Senate Bill Proposes Investment Company Act “Registration Lite” for Hedge Funds and Private Equity Funds
On January 29, 2009, Sens. Charles Grassley, R-Iowa, and Carl Levin, D-Mich., introduced the Hedge Fund Transparency Act (HFTA). The HFTA would revise the Investment Company Act of 1940, as amended (“Company Act”) to require certain hedge funds, private equity funds, venture capital funds, real estate funds that invest in securities and other privately offered securities investment funds and vehicles with assets of $50 million or more to register with the Securities and Exchange Commission (SEC) as investment companies. Most private investment funds currently rely upon an exemption from the Company Act’s registration requirements by either limiting the number of investors to not more than 100 or admitting only “qualified purchasers.” Under HFTA, in order to remain exempt from the substantive provisions of the Company Act, funds that have assets of $50 million or more would have to (1) register with the SEC, (2) file at least annually an information form that will be publicly available, (3) maintain prescribed books and records and (4) cooperate with requests for information or examination from the SEC. In addition, all funds, whether registered with the SEC or not, would be required to adopt an anti-money laundering program and report certain suspicious transactions.
Information Form
The information form would include information regarding—
(1) the name and current address of each natural person or company that is a beneficial owner of the fund
(2) the name and address of the primary broker and accountant used by the fund
(3) an explanation of the structure of ownership interests in the fund
(4) any affiliation with another financial institution
(5) the minimum investment commitment required of an investor
(6) the total number of investors in the fund
(7) the total assets and assets under management of the fund.

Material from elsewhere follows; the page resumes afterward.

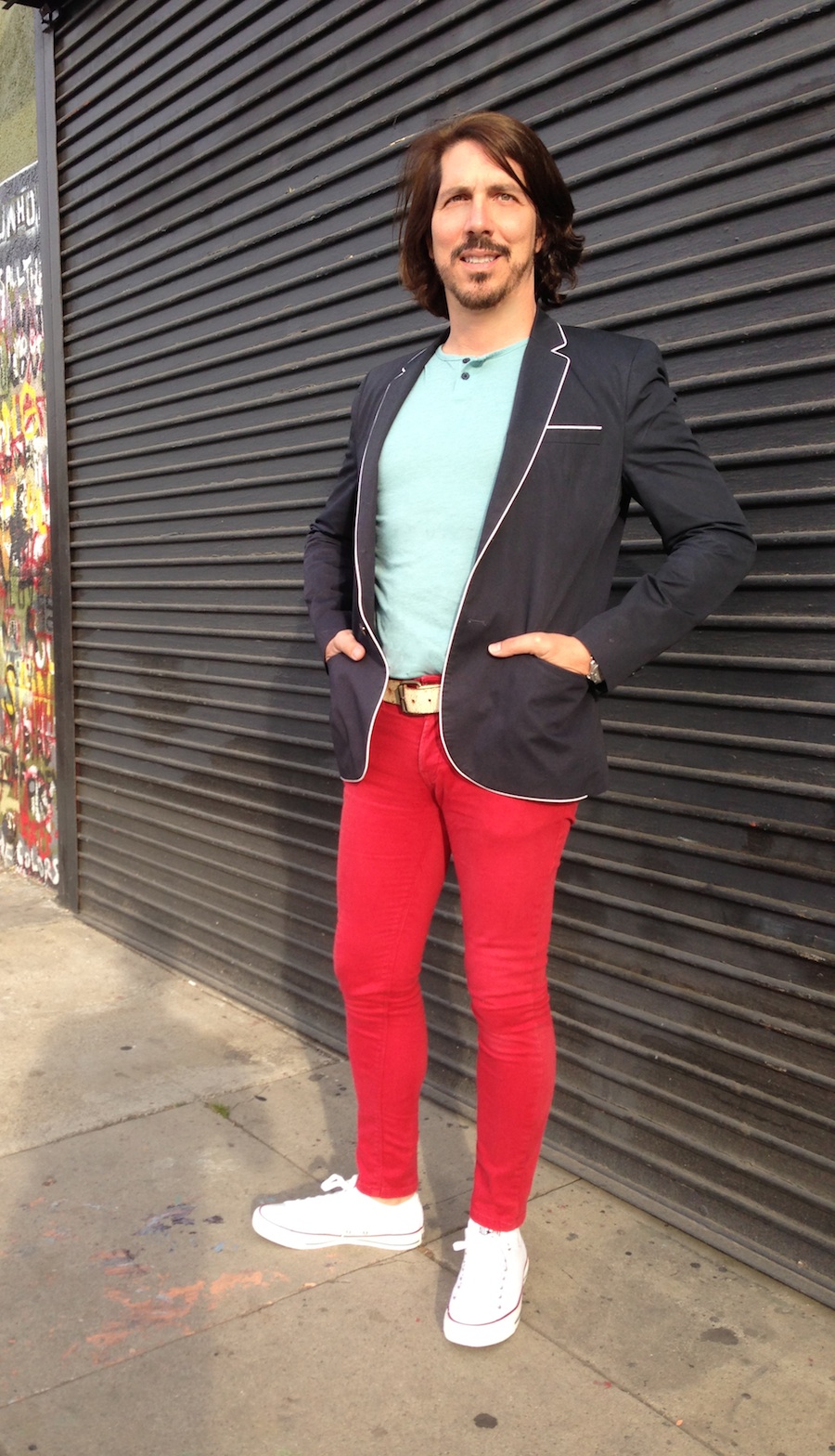 My red skinny jeans are from h&m, as well as my jacket, and the baby blue cotton t-shirt is from Topman.

The SEC would be required to promulgate related rules and appropriate forms within 180 days of the passage of the HFTA. The form would be required to be filed electronically with the SEC and be made available to the public in an electronic searchable format at no cost.

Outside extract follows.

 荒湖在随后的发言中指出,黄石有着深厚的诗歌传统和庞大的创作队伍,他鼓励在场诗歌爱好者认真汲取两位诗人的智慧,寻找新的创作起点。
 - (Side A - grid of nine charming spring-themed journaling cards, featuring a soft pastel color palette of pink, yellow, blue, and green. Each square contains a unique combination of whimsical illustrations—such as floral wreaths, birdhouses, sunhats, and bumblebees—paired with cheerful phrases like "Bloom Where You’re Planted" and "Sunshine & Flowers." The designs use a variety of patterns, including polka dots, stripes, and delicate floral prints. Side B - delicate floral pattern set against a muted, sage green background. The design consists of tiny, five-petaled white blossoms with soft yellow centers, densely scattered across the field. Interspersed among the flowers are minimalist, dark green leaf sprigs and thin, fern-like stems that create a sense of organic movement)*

Anti-Money Laundering Requirements
In addition, the HFTA would reverse the recent action of the U.S. Department of the Treasury’s Financial Crimes Enforcement Network (FinCEN) and subject all funds to the requirement to establish a risk-based anti-money laundering program and to report suspicious transactions under the Bank Secrecy Act. The Department of the Treasury would be required to promulgate regulations within 90 days of enactment of the HFTA.
Conclusion
The HFTA differs from previously proposed regulations by imposing a registration and disclosure regime directly on hedge funds and other private investment funds (including private equity funds and venture capital funds) instead of requiring fund managers to register as investment advisers. The bill, as currently drafted, leaves many key questions unanswered and contains some obvious and significant defects. The bill has been referred to the Senate Banking Committee. The SEC has not yet expressed any public views regarding the proposed legislation.